I slammed the notepad shut. “All set, I got everything.”

He seemed a little overwhelmed. He’d gone back and forth for a long time about whether or not to come, then he loosened up and kept babbling. He was ready to talk on and on. This is actually a standard case. You couldn’t get more standard. But I wouldn’t think of telling him that.

I reassured him, just in case. “I have my own system. Semantic analysis, linguistic, statistical workup. I’ve collected material. Come back in a week. Call first, I’ll set up a time for you. Something will have taken shape by then.”

He breathed a sigh of relief but I saw he was gazing, unfocused, as if into himself. In these cases, as the classics say, “his gaze clouded over.”

Now he’ll get into his car and head home, and most likely it will overwhelm him as he drives. All those offenses—small but mean—that he’d tried not to remember, tried to bury deeper, like a fastidious cat covers its excrement. All the unbought bicycles, all the older kids’ jabs and punches, all the adults’ deceptions. Everything will rise to the surface.

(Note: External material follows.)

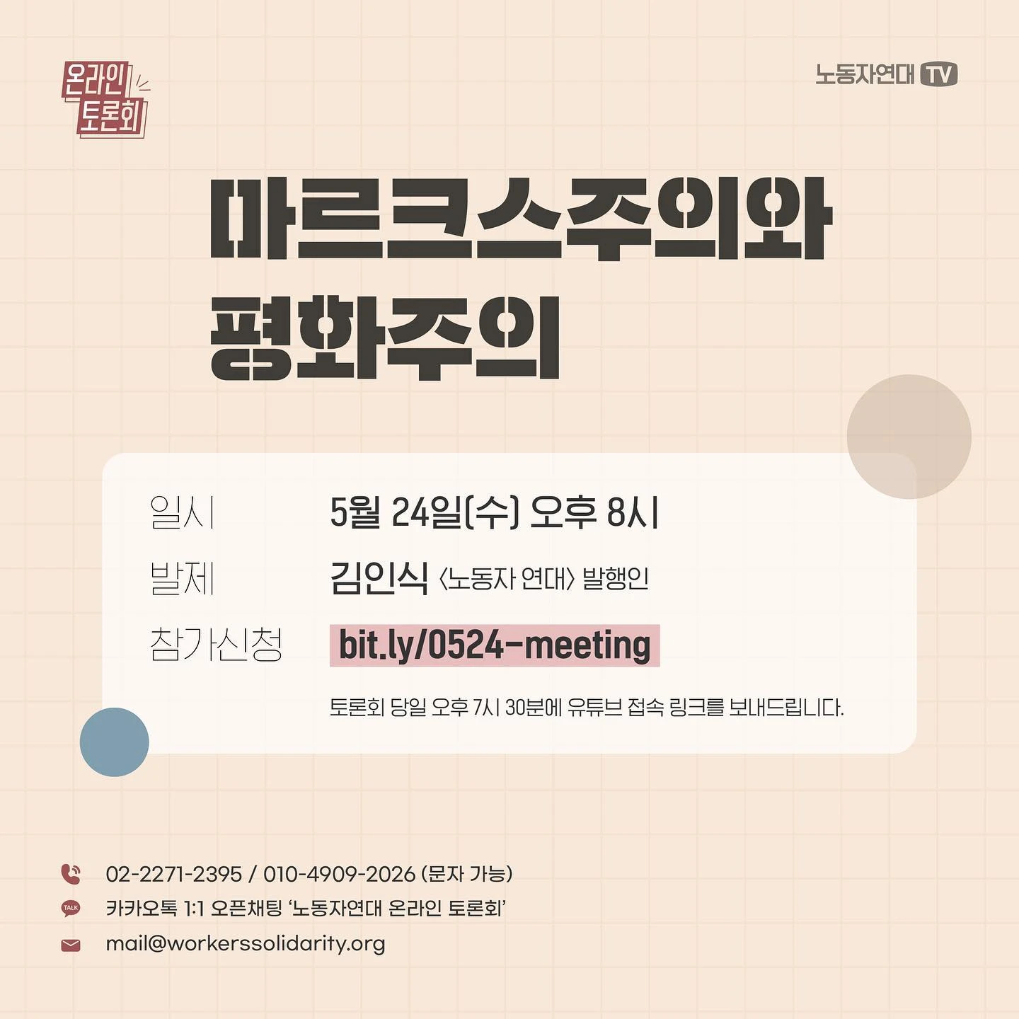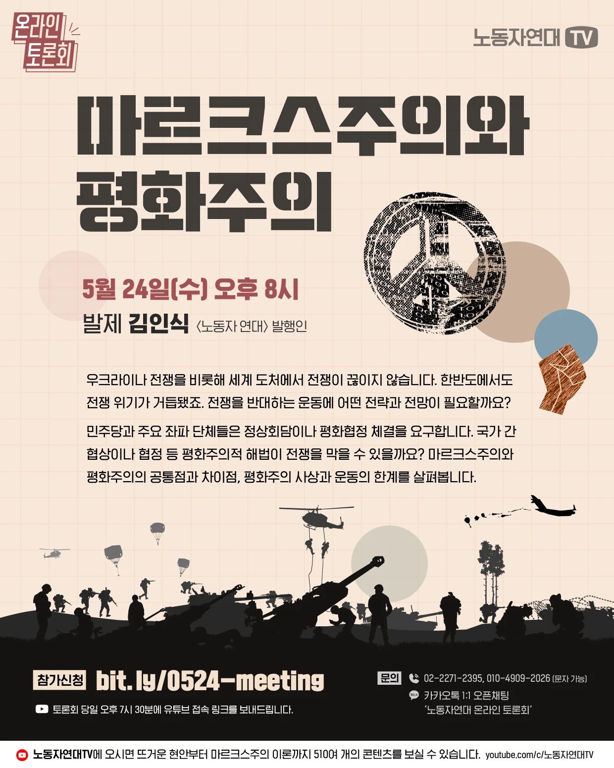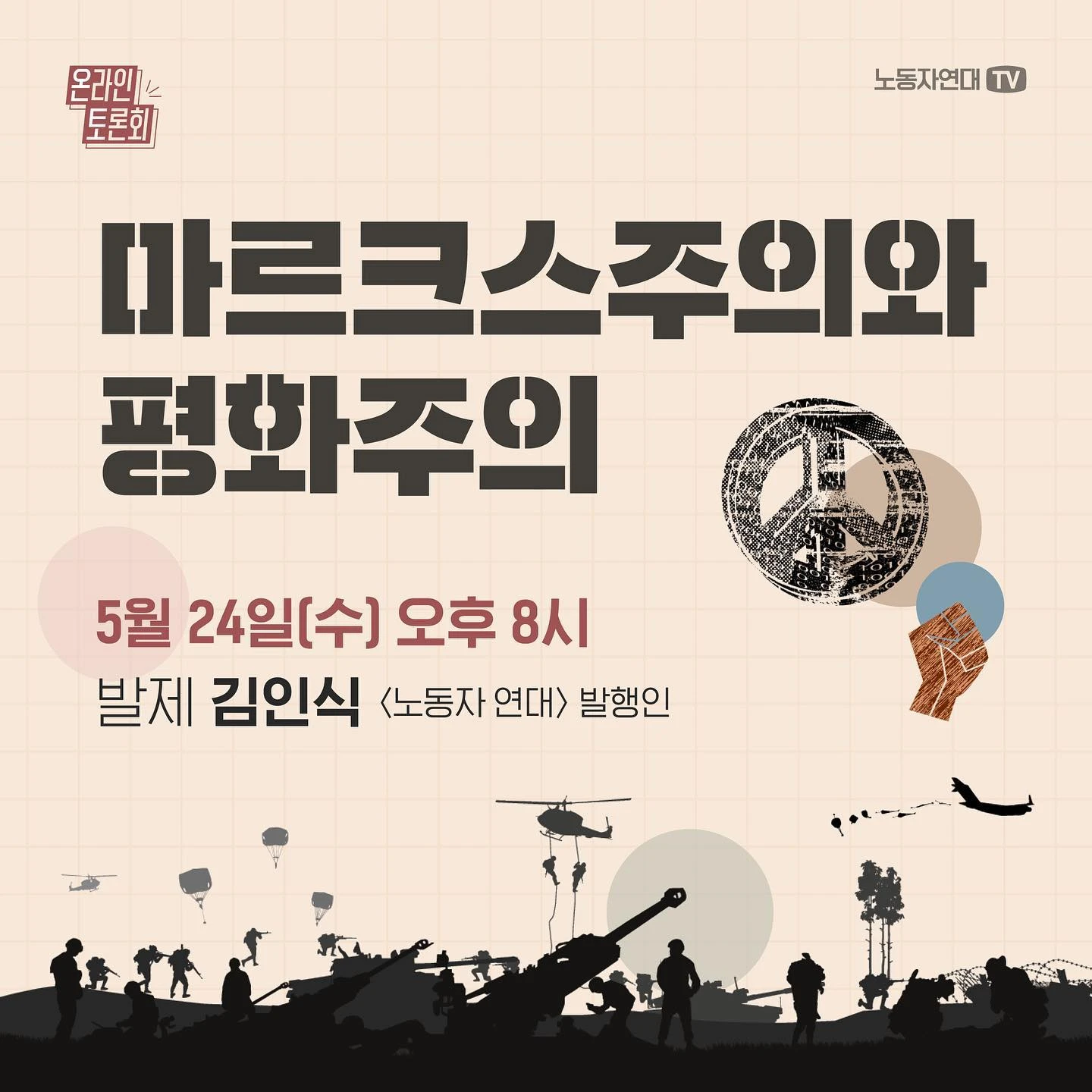 [노동자연대 온라인 토론회] 마르크스주의와 평화주의 - 일시: 5월 24(수) 오후 8시 - 발제: 김인식 (〈노동자 연대〉 발행인)

It’s scary to be small and vulnerable. It’s scary to depend on the will of big people you don’t understand. You can still be okay if you consider them infallible. But later it can suddenly turn out that they’re not stern, chastising gods, just weak people who lack the power to hold back their annoyance. And even though they lack the power to protect you from the scary world, they can make things difficult for you.

“Drink some cognac when you get home,” I said. “Make sure it’s good cognac. With lemon. Okay?”

“Okay,” he said, wiping his palms on his trousers.

I hoped he’d have someone with him to greet the night. That’s always easier.

Drops slid down the window glass. A tiny dot of light trembled in each.

I’ll stay here in the warm house and he’ll walk back to a car parked on a little road that’s too narrow, where the neighbors are always ranting that they can’t walk or drive past because of my clients.

And the darkness will embrace him, just as it embraces us all in the end.